There's a trick to using Hash.new
In my previous post on hashes I showed that in Ruby you can create a hash with a static default value. Here’s the example I used in that post:
dog_counts = Hash.new(0)
# => {}
[
"doberman",
"dachshund",
"doberman",
"doberman",
"whippet",
"labrador"
].each do |dog_seen|
dog_counts[dog_seen] += 1
end
dog_counts
# => {"doberman"=>3, "dachshund"=>1, "whippet"=>1, "labrador"=>1}
Grouping Dogs By Breed
This pattern works great for counting dogs, but it can get you into trouble if you’re trying to group them. Let’s look at a second example:
dogs_by_type = Hash.new([])
[
{type: "whippet", name: "Roxie"},
{type: "rhodesian", name: "Cessna"},
{type: "alsatian", name: "Daeva"},
].each do |dog|
dog_type = dog[:type]
# The assignment here is because accessing default values doesn't set them in
# the hash, see: https://jarednorman.ca/hash-new-with-a-block
dogs_by_type[dog_type] = dogs_by_type[dog_type] << dog[:name]
end
Do you see the bug? Hint for Python programmers: it’s the same issue default argument values have in Python. Let’s take a look at value of dogs_by_type
:
{"whippet" => ["Roxie", "Cessna", "Daeva"],
"weimaraner" => ["Roxie", "Cessna", "Daeva"],
"rhodesian" => ["Roxie", "Cessna", "Daeva"],
"alsatian" => ["Roxie", "Cessna", "Daeva"]}
We meant to set the default value for this hash to an array, but we actually set the default value to the one, specific array that we passed in. Every time we accessed a key that wasn’t set yet we got the same array and then mutated (changed) it. As a result all the keys in the hash get set to the same array. Here’s an example that demonstrates this more explicitly:
my_array = [3, 2, 1]
my_hash = Hash.new(my_array)
my_array.sort!
my_hash[:some_key]
#=> [1, 2, 3]
Better Grouping
The solution is to use the block syntax from that blog post that I keep linking you to. That might look something like this:
dogs_by_type = Hash.new { [] }
[
{type: "whippet", name: "Roxie"},
{type: "rhodesian", name: "Cessna"},
{type: "alsatian", name: "Daeva"},
].each do |dog|
dog_type = dog[:type]
dogs_by_type[dog_type] = dogs_by_type[dog_type] << dog[:name]
end
dogs_by_type
#=> {"whippet"=>["Roxie"], "rhodesian"=>["Cessna"], "alsatian"=>["Daeva"]}
This gets you the right result, but we can use our learnings from that other post to also assign the default value inside of the block we pass in when creating the hash.
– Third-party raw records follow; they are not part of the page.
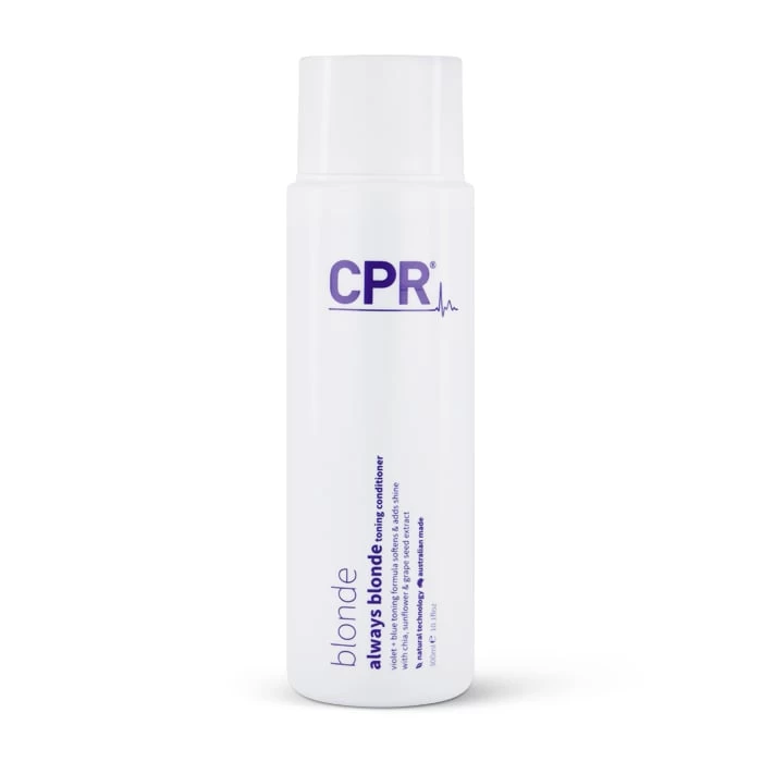 Vitafive CPR Always Blonde Conditioner eliminates unwanted yellow brassy and gold tones. It repairs and strengthens hair from inside out. It reduces hair breakage by up to 80% by binding moisture inside for long lasting condition, softness and shine whilst balancing the hair and reducing oily scalps. Safe for keratin straightening and hair extension systems.
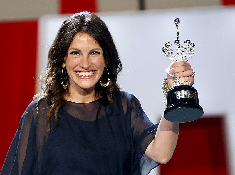 20.09.2010SS39. SAN SEBASTIAN, 20/09/2010.- La actriz estadounidense Julia Roberts tras recibir hoy el Premio Donostia 2010 en reconocimiento a su carrera durante la 58 edición del Festival Internacional de Cine de San Sebastián. EFE/Javier EtxezarretaEFE/Javier Etxezarreta -
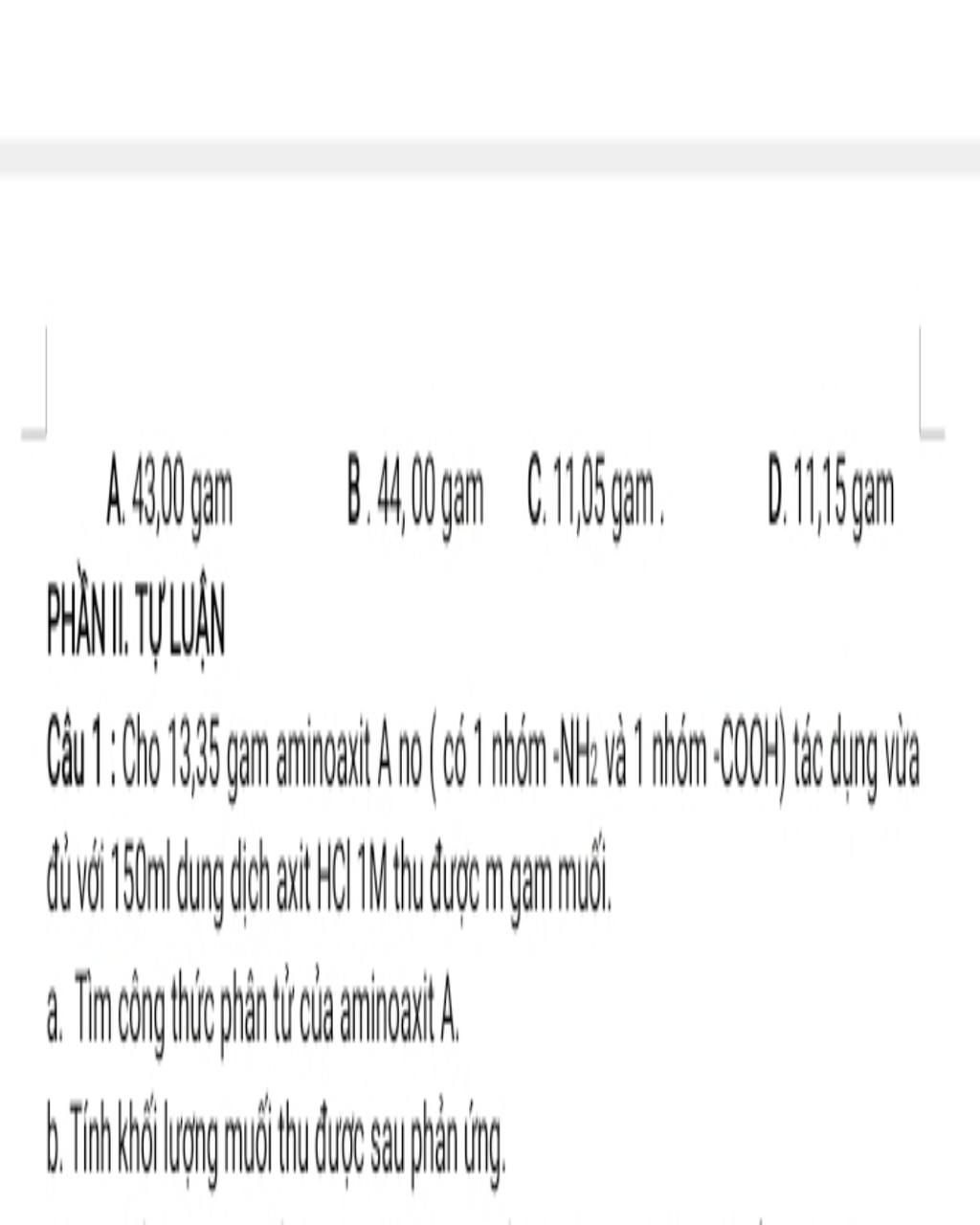 `a,` gọi `A` là `H_2N-R-COOH`
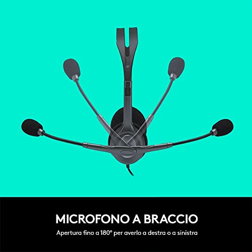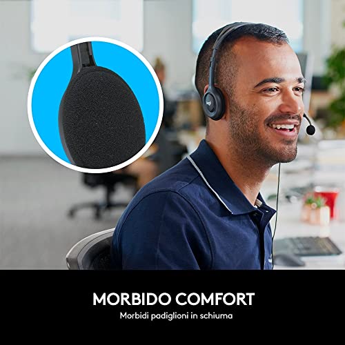 Logitech H111 Cuffie Cablate per Computer, Stereo con Microfono, Cancellazione Rumore, Jack Audio da 3.5 mm, PC/Mac/Laptop/Smartphone/Tablet, Nero
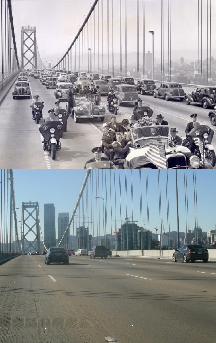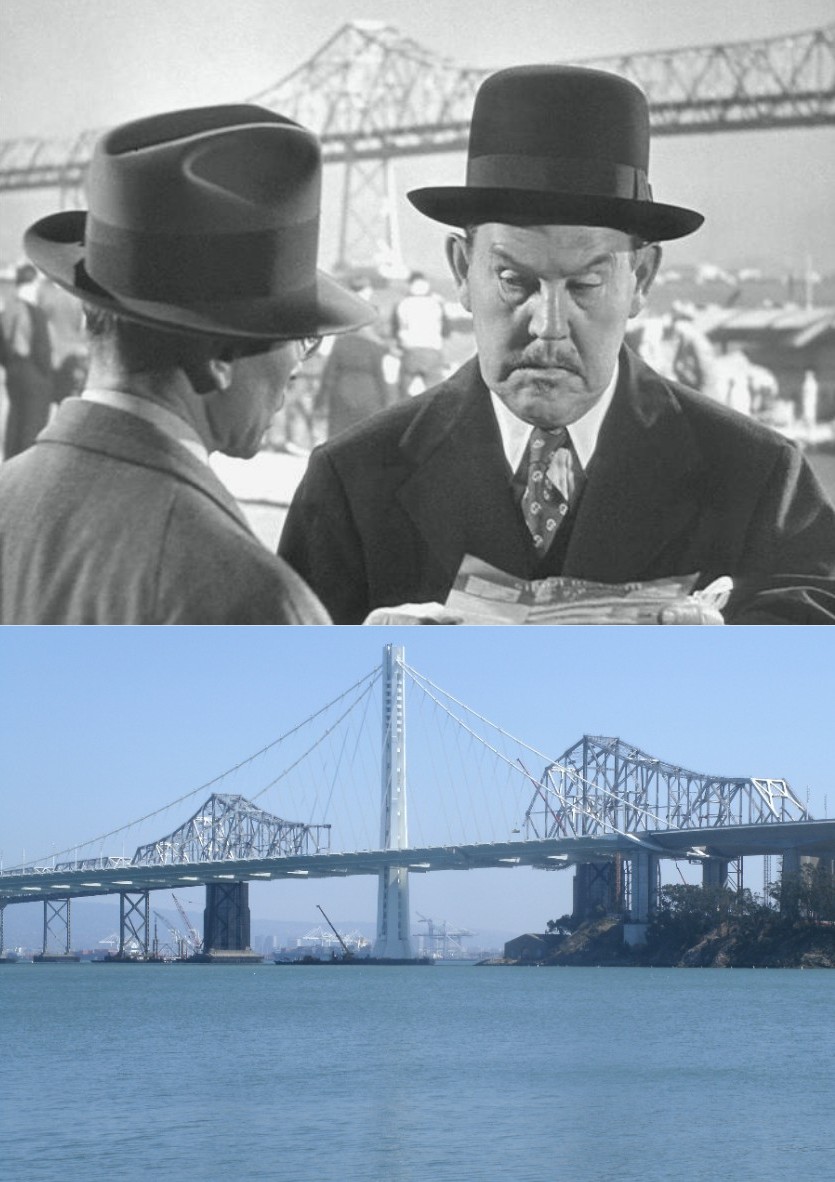 An update on a previous post of the 1939 film ‘Charlie Chan on Treasure Island’ with Charlie at Clipper Cove where the Clipper Planes arrived and left from. The new eastern portion of the Bay Bridge has been completed and the old cantilever portion is being dismantled.
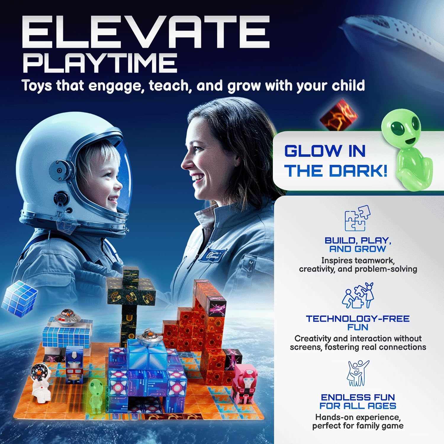 - GALACTIC GLOW-IN-THE-DARK ALIENS & LIGHT-UP FIGURES – Time to embark on an interstellar adventure! Unlike standard magnetic block sets, PlayIQ features glow-in-the-dark aliens, astronauts, and LED-powered characters that light up, adding excitement for day-to-night play.
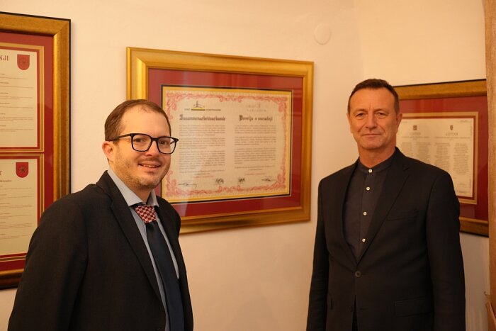 U subotu, 6. prosinca 2025. u Gradskoj vijećnici održan je kraći susret dužnosnika Grada Varaždina s predstavnicima partnerskog grada Schaffhausena iz Švicarske. Goste koji su prisustvovali jučerašnjoj svečanoj sjednici Gradskog vijeća povodom Dana grada Varaždina, blagdana svetog Nikole, u vijećnici su primili gradonačelnik Neven Bosilj i zamjenik gradonačelnika Miroslav Marković, zastupnik u Hrvatskom saboru.

dogs_by_type = Hash.new { |hash, key| hash[key] = [] }
[
{type: "whippet", name: "Roxie"},
{type: "rhodesian", name: "Cessna"},
{type: "alsatian", name: "Daeva"},
].each do |dog|
dogs_by_type[dog[:type]] << dog[:name]
end
That cleans things up significantly by getting rid of that extra assignment. You could even go one step further and write the logic in a more “functional” style:
[
{type: "whippet", name: "Roxie"},
{type: "rhodesian", name: "Cessna"},
{type: "alsatian", name: "Daeva"},
].group_by { |dog|
dog[:type]
}.transform_values { |dogs|
dogs.map { |dog|
dog[:name]
}
}
Now we never even create a hash with a default value!
Conclusion
There are three things you should take away from this article:
- Dogs are good.
- Hashes can have default values in Ruby, but make sure you create them dynamically if you’re going to mutate them.
- Sometimes you can lean on Ruby’s
Enumerable
methods and you won’t even need to make a hash with a default value. That said, the code you end up with might not communicate what you’re trying to do as clearly. It’s a judgement call.